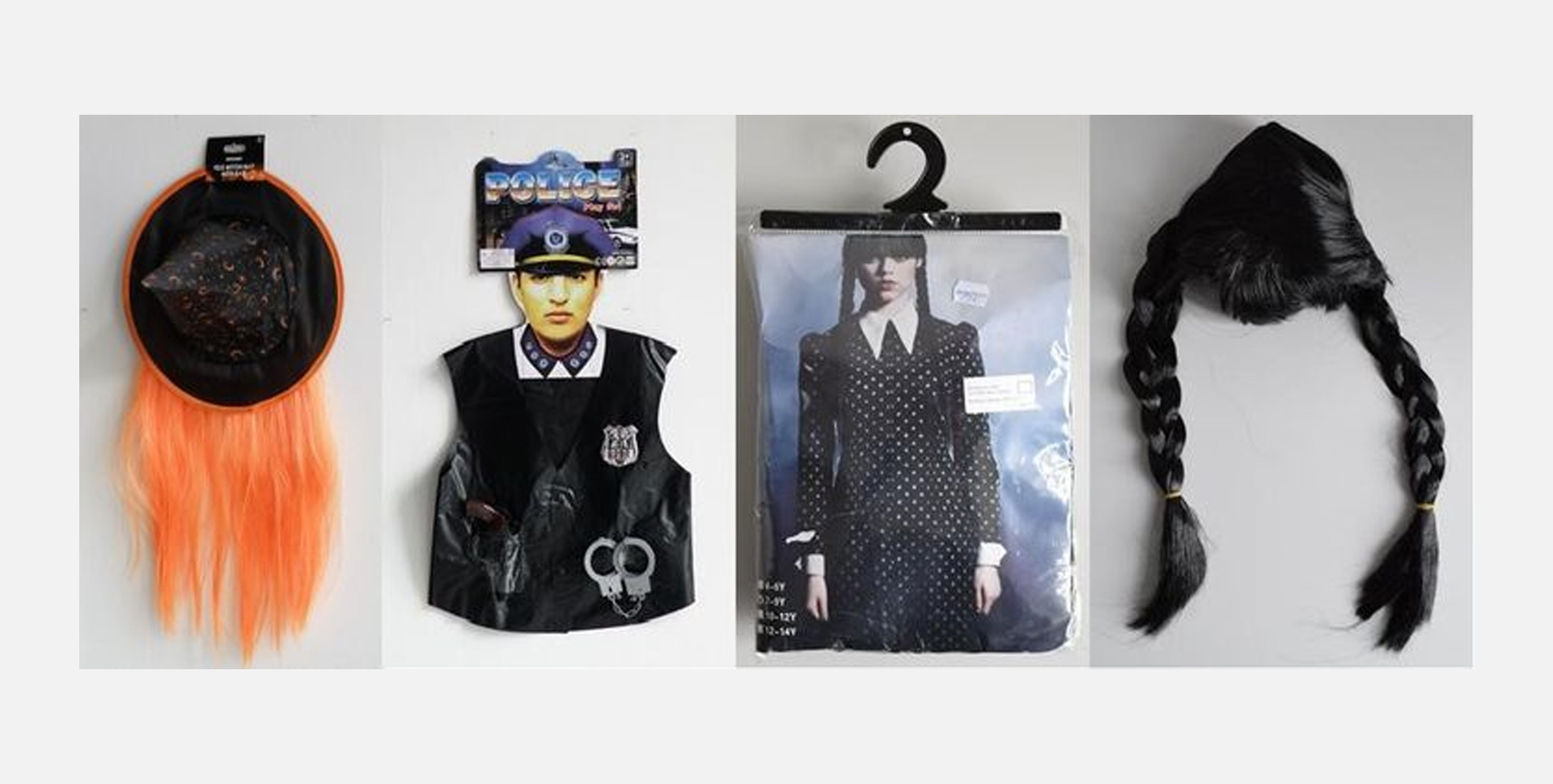 Az álarcok, parókák, kiegészítők általában egy méretben kaphatók. Azokat a jelmezeket, amelyet kifejezetten gyerekeknek terveztek, címkével jelölik és a gyermek magasságát, életkorát is feltüntetik, ami megtalálható a termékleírásban.
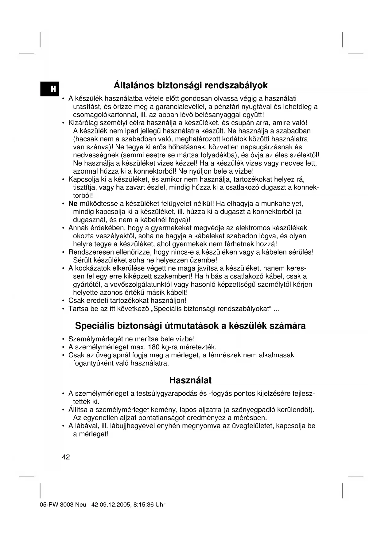 - Ha a kijelzőn „Err“ (Error = hiba) jelenik meg, akkor a mérendő súly meghalad- ja a 180 kg-ot. 05-PW 3003 Neu 43 09.12.2005, 8:15:36 UhrH
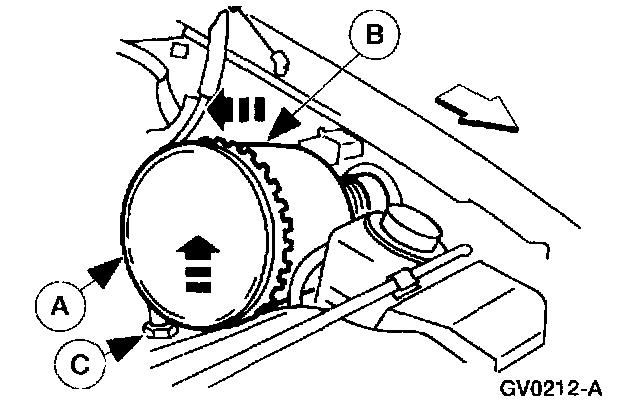 2. Lift the (B) open end of the (A) inlet air cleaner until free of the (C) air cleaner support insulators.
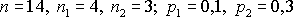 Куплено n билетов. Определить вероятность получения n1 крупных выигрышей и n2 мелких.
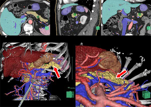 肝胆膵外科・消化器外科の高いニーズに応え,抽出が難しいとされる膵臓のセグメンテーションが可能。従来は手動かつ熟練度に依存していたが,AI技術を活用し設計したセグメンテーション機能で,膵臓と周囲の血管や臓器との位置関係を明瞭に抽出することができる。これにより,肝胆膵領域の術前シミュレーションの幅が広がる。
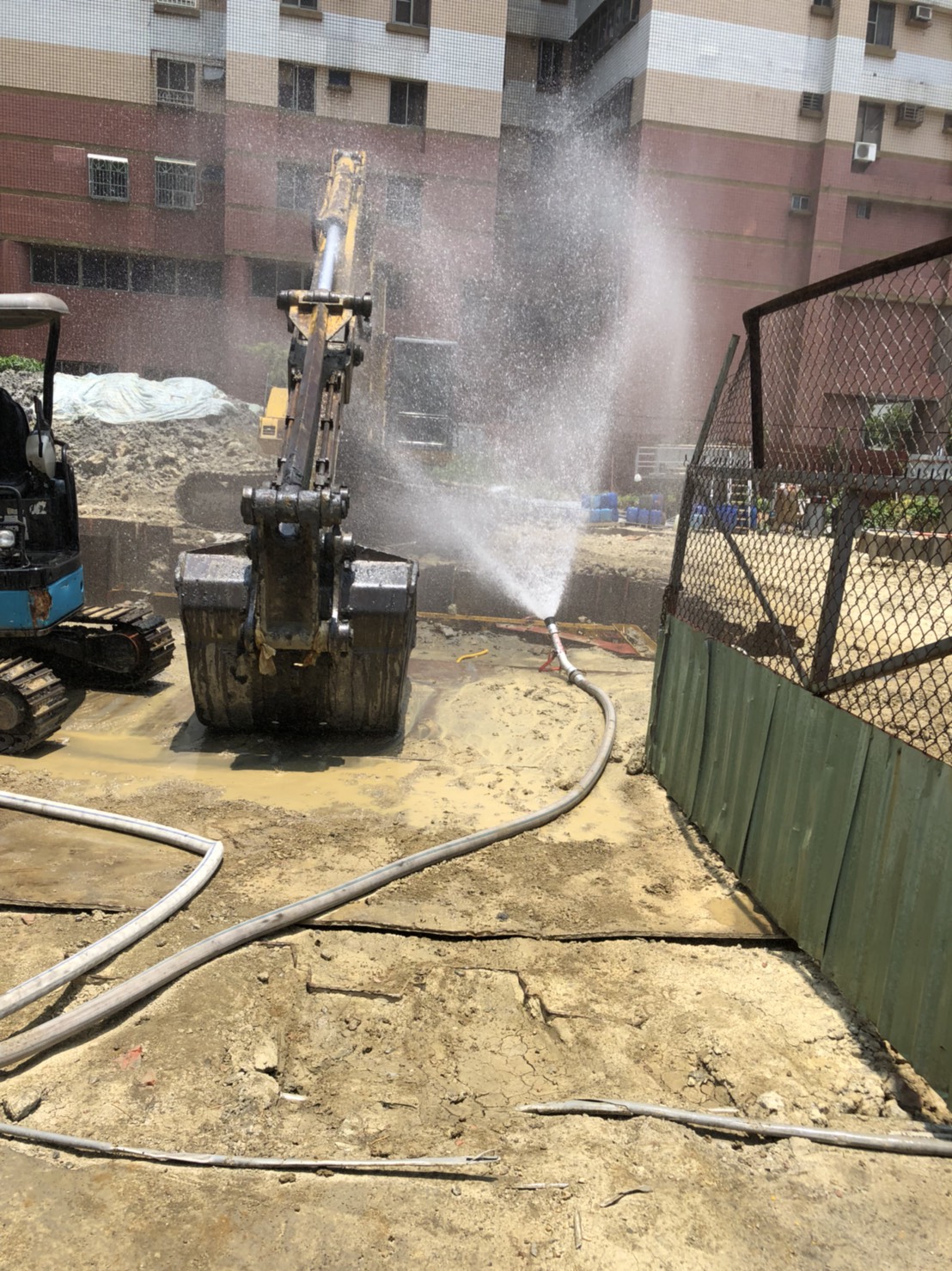 今(23)日10:49高雄市左營區大順一路、富民路口附近加油站的舊址,有當地居民反應聞到空氣有瀰漫汽油和瓦斯異味,環保局調查,違反空污法第31條將依污染情節裁罰10-100萬元,以灑水控制中。 圖:高雄市環保局提供
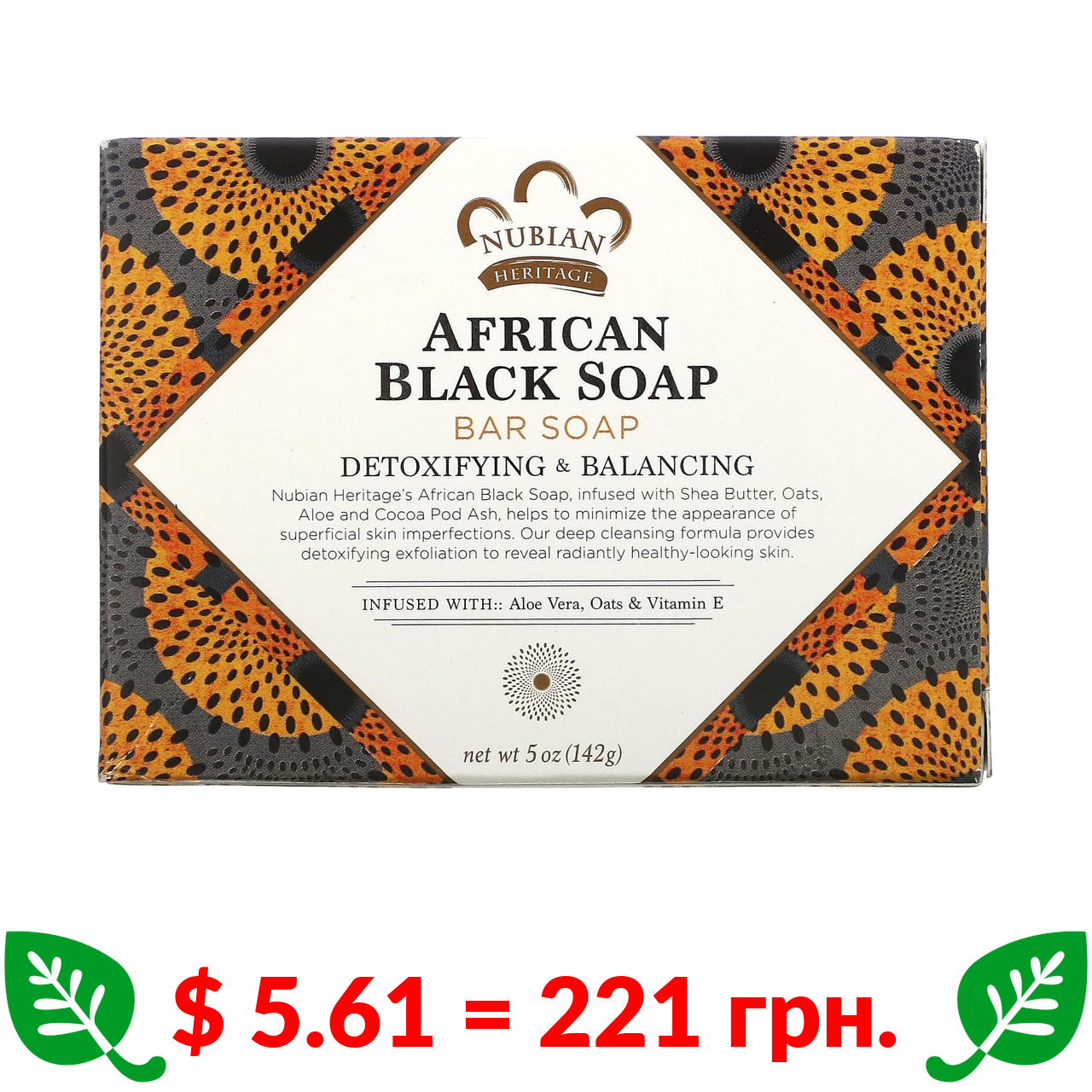 $ 5.61 = 221 грн. Nubian Heritage, африканське чорне кускове мило, 142 г (5 унцій)
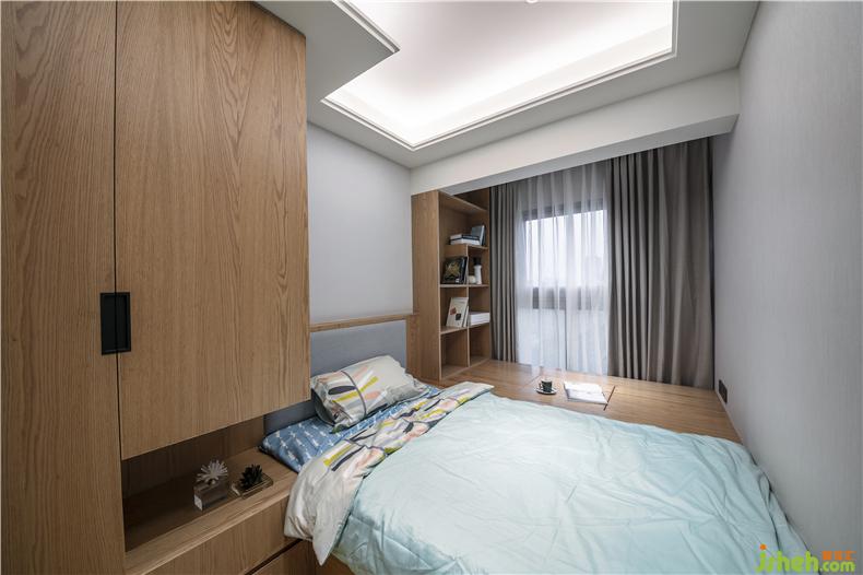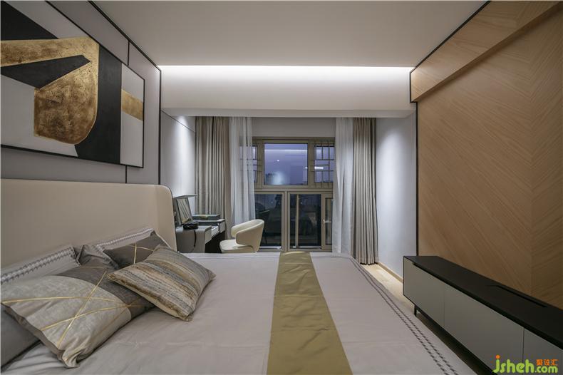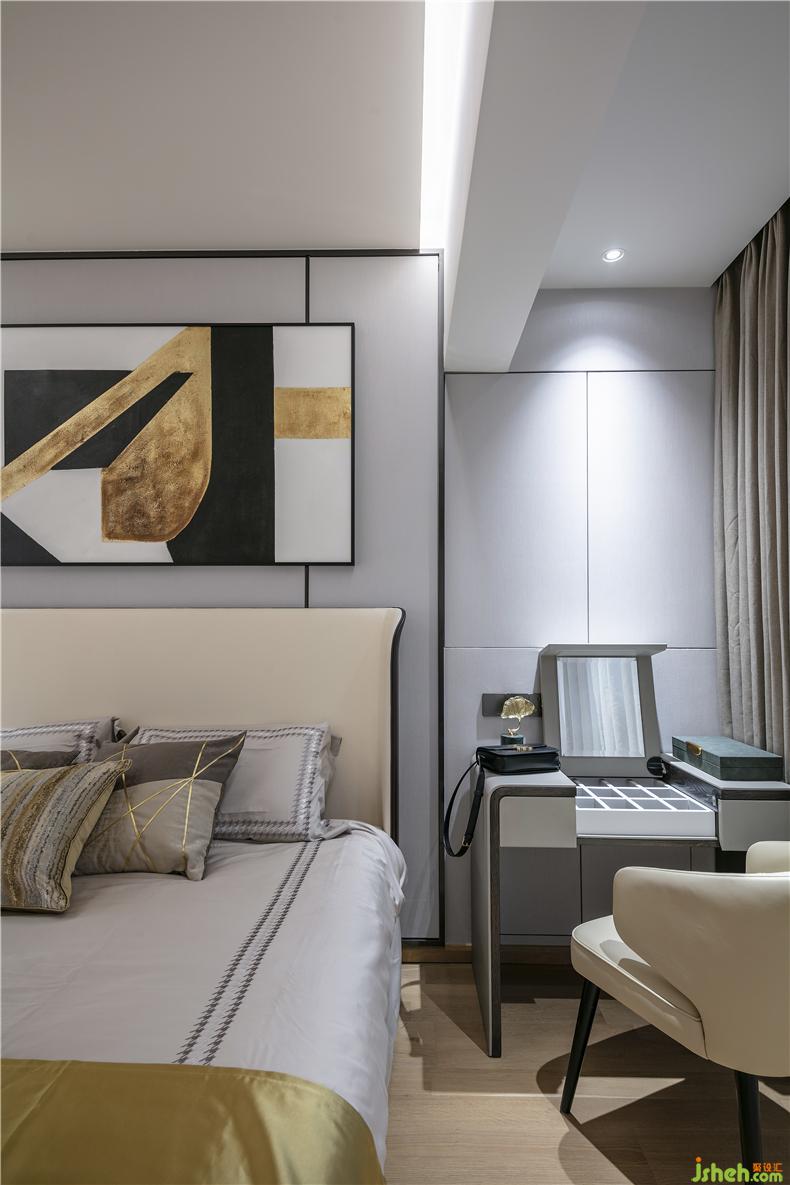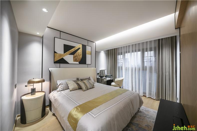 Junmei design - ascension design case hides the scenery in the house and the owner's bedroom. Gray and yellow are classic and eternal fashion. The changing scenery outside the window makes fashion never out of fashion.
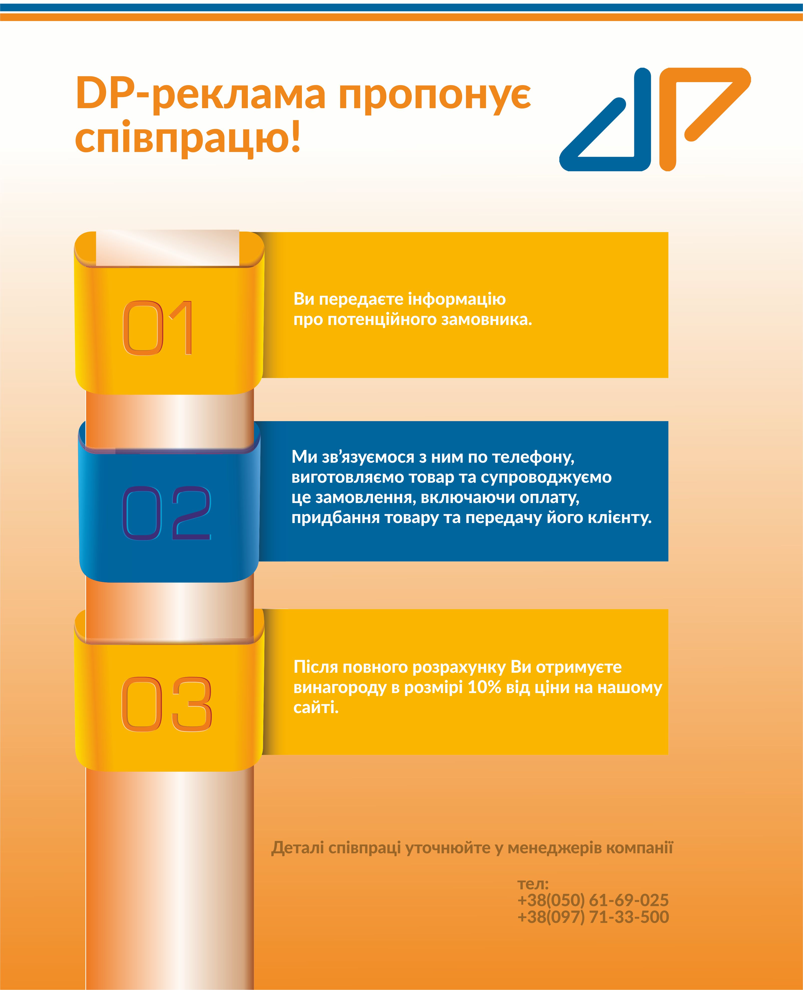 Для інформування населення наша компанія ДП-реклама пропонує широкий вибір рекламної продукції: інформаційні стенди, стенди з безпеки життєдіяльності та куточки цивільного захисту, презентаційні дошки, стенди з державною символікою та систему навігації.
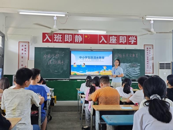 为了让安全知识更易记,实践队还编创了防溺水口诀:“夏天到,水清凉,偷偷下水易遭殃;无成人,不独行,陌生水域不去闯;遇溺水,快呼救,智慧救援记心上。” 朗朗上口的口诀在学生中迅速传开。排市初级中学的柯老师感慨道:“实践队的防溺水教育形式新颖、内容实用,孩子们不仅听得认真,还能主动记住要点,比我们平时反复强调的效果好得多。”
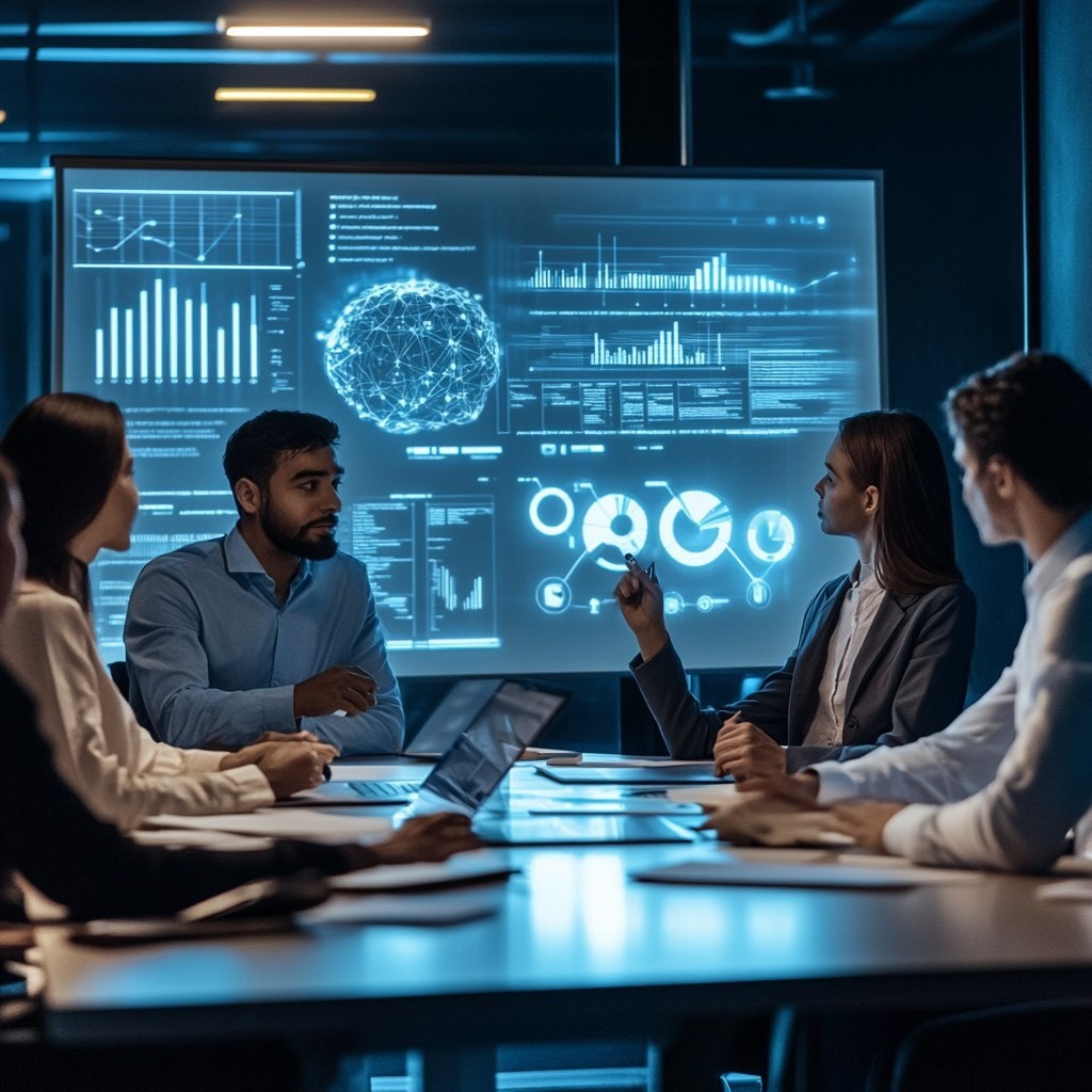 Создано на основе запроса: a diverse team of people working in a board room. business process workflows are shown on the whiteboards in the room. A projector displays a futuristic visualization of an AI application. Well lit room. --- Автоперевод: Разнообразная команда людей, работающих в зале заседаний. Как тебе такой вариант? 🤔 https://dzen.ru/id/65c0c65c86e4f837c27b24d7 #ИИ #AI #нейросеть #midjourney #art

_____

TASK >>
No pictures belong in the copy: reproduce exactly the lines above from the one that contains "Junmei design - ascension" through the last line of the entries.

COMPLETED TASK >>
 Junmei design - ascension design case hides the scenery in the house and the owner's bedroom. Gray and yellow are classic and eternal fashion. The changing scenery outside the window makes fashion never out of fashion.
 Для інформування населення наша компанія ДП-реклама пропонує широкий вибір рекламної продукції: інформаційні стенди, стенди з безпеки життєдіяльності та куточки цивільного захисту, презентаційні дошки, стенди з державною символікою та систему навігації.
 为了让安全知识更易记,实践队还编创了防溺水口诀:“夏天到,水清凉,偷偷下水易遭殃;无成人,不独行,陌生水域不去闯;遇溺水,快呼救,智慧救援记心上。” 朗朗上口的口诀在学生中迅速传开。排市初级中学的柯老师感慨道:“实践队的防溺水教育形式新颖、内容实用,孩子们不仅听得认真,还能主动记住要点,比我们平时反复强调的效果好得多。”
 Создано на основе запроса: a diverse team of people working in a board room. business process workflows are shown on the whiteboards in the room. A projector displays a futuristic visualization of an AI application. Well lit room. --- Автоперевод: Разнообразная команда людей, работающих в зале заседаний. Как тебе такой вариант? 🤔 https://dzen.ru/id/65c0c65c86e4f837c27b24d7 #ИИ #AI #нейросеть #midjourney #art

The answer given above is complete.